In a word, if we live the Catechism, we become instruments of divine
faith to everyone whose life we touch. This, we may say, is the law of
spiritual generation. Sanctity is reproductive; holiness is procreative.
Share the Catechism. One final point should be made: On the last day
we shall be judged on our practice of charity. How we hope that when
Christ appears, He will say to us, "Come, blessed of my Father, and
possess the Kingdom prepared for you from the foundation of the world. I
was hungry, and you gave me to eat; thirsty and you gave me to drink;
naked and you clothed me, sick and in prison and you visited me."
What does this have to do with the Catechism of the Catholic
Church? Everything! This masterpiece of sacred wisdom provides us
with all the resources we need to meet the spiritual needs of America.

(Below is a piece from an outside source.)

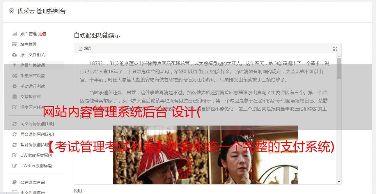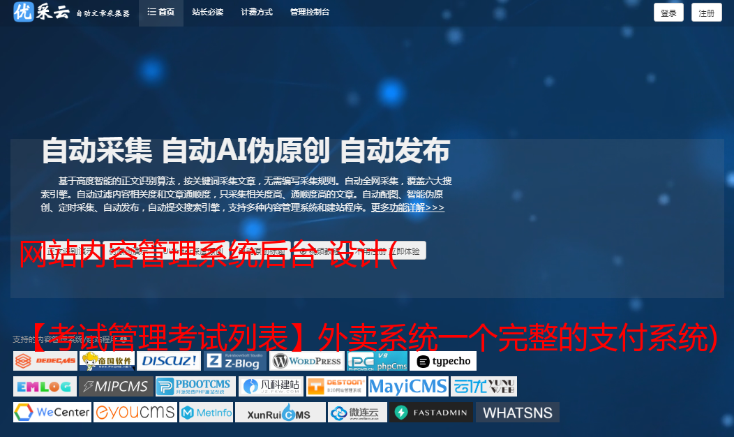 网站内容管理系统后台 设计( 【考试管理考试列表】外卖系统一个完整的支付系统)
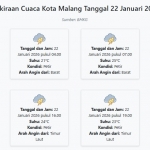 Prakiraan Cuaca Kota Malang Hari ini Kamis, 22 Januari 2026: Suhu 21-30°C, Kecepatan Angin 7.8 m/s.

But we must be convinced that these needs are desperate, and that we
have at hand the means of saving the soul of our society.
PRAYER
"Lord Jesus, you have given us the Catechism of the Catholic
Church to bring light to those who are walking in darkness and
supernatural life to those who are sitting in the shadow of death.
"Enlighten our minds with your revealed truth and inspire our hearts with
your divine love so that by our courageous witness to
your Name here on earth we may bring countless souls with us to that
heavenly Kingdom for which we were made. Amen."